若要移除链表中某一个结点，需要分为两种情况：
1.移除中间结点：让上一个结点next指向下一个结点
2.移除头结点，则直接让头结点后移即可
3.因此，为了想让链表移除结点操作逻辑统一，则可以加上一个虚拟头结点，也就是让虚拟头结点dummyhead的 next 指向头结点head。那么这样的话，移除头结点也只需要将虚拟头结点指向头结点的下一个结点就行了，逻辑得到统一。
4.而且，一般链表类题目的返回值是链表的头结点，题目中难以去额外保存一个头结点。如果设置了虚拟头结点的话，那么就可以直接返回dummyhead.next

/**
 * Definition for singly-linked list.
 * public class ListNode {
 *     int val;
 *     ListNode next;
 *     ListNode() {}
 *     ListNode(int val) { this.val = val; }
 *     ListNode(int val, ListNode next) { this.val = val; this.next = next; }
 * }
 */
class Solution {
    public ListNode removeElements(ListNode head, int val) {

        if(head == null){
            return head;
        }
        ListNode dummyNode = new ListNode(0);
        dummyNode.next = head;
        ListNode pre = dummyNode;
        ListNode cur = head;

        while(cur != null){

            if(cur.val == val){
                pre.next = cur.next;
            }else{
                pre = cur;
            }
            cur = cur.next;
        }
        return dummyNode.next;
    }
}

707.设计链表

题目链接: 设计链表

设计链表逻辑比较多，主要是一些index边界条件需要额外判判断。
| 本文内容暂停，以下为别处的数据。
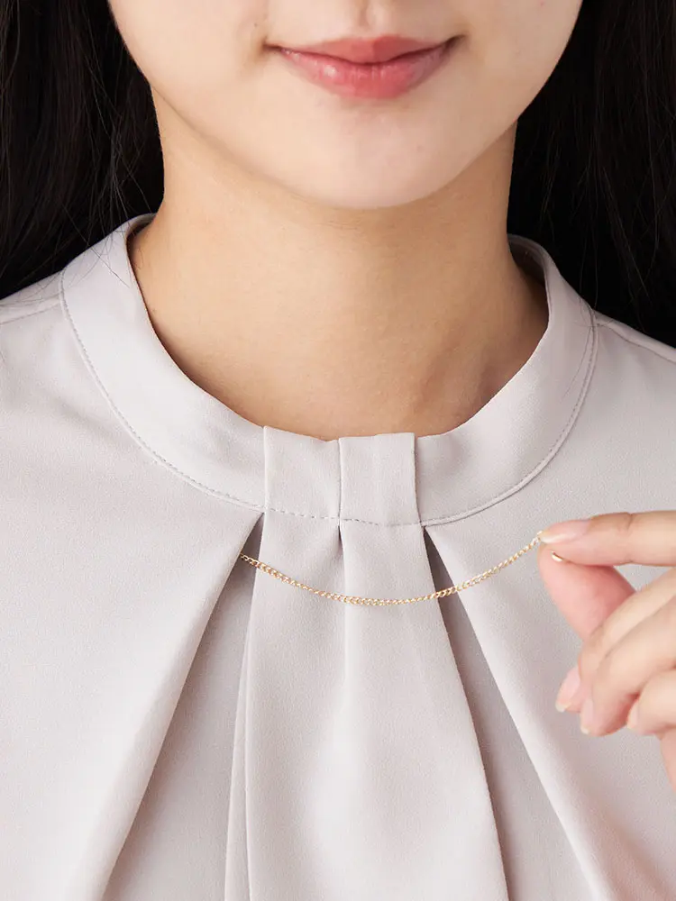 首元のタックとメタリックチェーンがアクセント。

此处我设计的是单链表

class ListNode{
    int val;
    ListNode next;
    public ListNode(){}
    public ListNode(int val){
        this.val = val;
    }
    public ListNode(int val,ListNode next){
        this.val = val;
        this.next = next;
    }
}

class MyLinkedList {

    int size;
    ListNode dummyhead;

    public MyLinkedList() {
        size = 0;
        dummyhead = new ListNode(0);
    }
    
    public int get(int index) {
        if(index < 0 || index >= size){
            return -1;
        }
        ListNode currentNode = dummyhead;
        for(int i = 0; i <= index; i++){
            currentNode = currentNode.next;
        }
        return currentNode.val;
    }
    
    public void addAtHead(int val) {
        addAtIndex(0, val);
    }
    
    public void addAtTail(int val) {
        addAtIndex(size,val);
    }
    
    public void addAtIndex(int index, int val) {
        if(index > size){
            return;
        }
        if(index < 0){
            index = 0;
        }
        ListNode preNode = dummyhead;
        for(int i = 0; i < index; i++){
            preNode = preNode.next;
        }
        ListNode addNode = new ListNode(val);
        addNode.next = preNode.next;
        preNode.next = addNode;
        size++;
    }
    
    public void deleteAtIndex(int index) {
        if (index < 0 || index >= size) {
            return;
        }
       
        ListNode preNode = dummyhead;
        for(int i = 0; i < index; i++){
            preNode = preNode.next;
        }
        preNode.next = preNode.next.next;
        size--;
    }
}

/**
 * Your MyLinkedList object will be instantiated and called as such:
 * MyLinkedList obj = new MyLinkedList();
 * int param_1 = obj.get(index);
 * obj.addAtHead(val);
 * obj.addAtTail(val);
 * obj.addAtIndex(index,val);
 * obj.deleteAtIndex(index);
 */

206. 反转链表

题目链接: 反转链表

不要去新建一个链表，而只需要在原来的链表上操作
定义pre cur temp 三个ListNode，实现链表反转

/**
 * Definition for singly-linked list.
 * public class ListNode {
 *     int val;
 *     ListNode next;
 *     ListNode() {}
 *     ListNode(int val) { this.val = val; }
 *     ListNode(int val, ListNode next) { this.val = val; this.next = next; }
 * }
 */
class Solution {
    public ListNode reverseList(ListNode head) {
        ListNode pre = null;
        ListNode cur = head;
        ListNode temp = null;

        while(cur != null){
            temp = cur.next;
            cur.next = pre;
            pre = cur;
            cur = temp;
        }
        return pre;
    }
}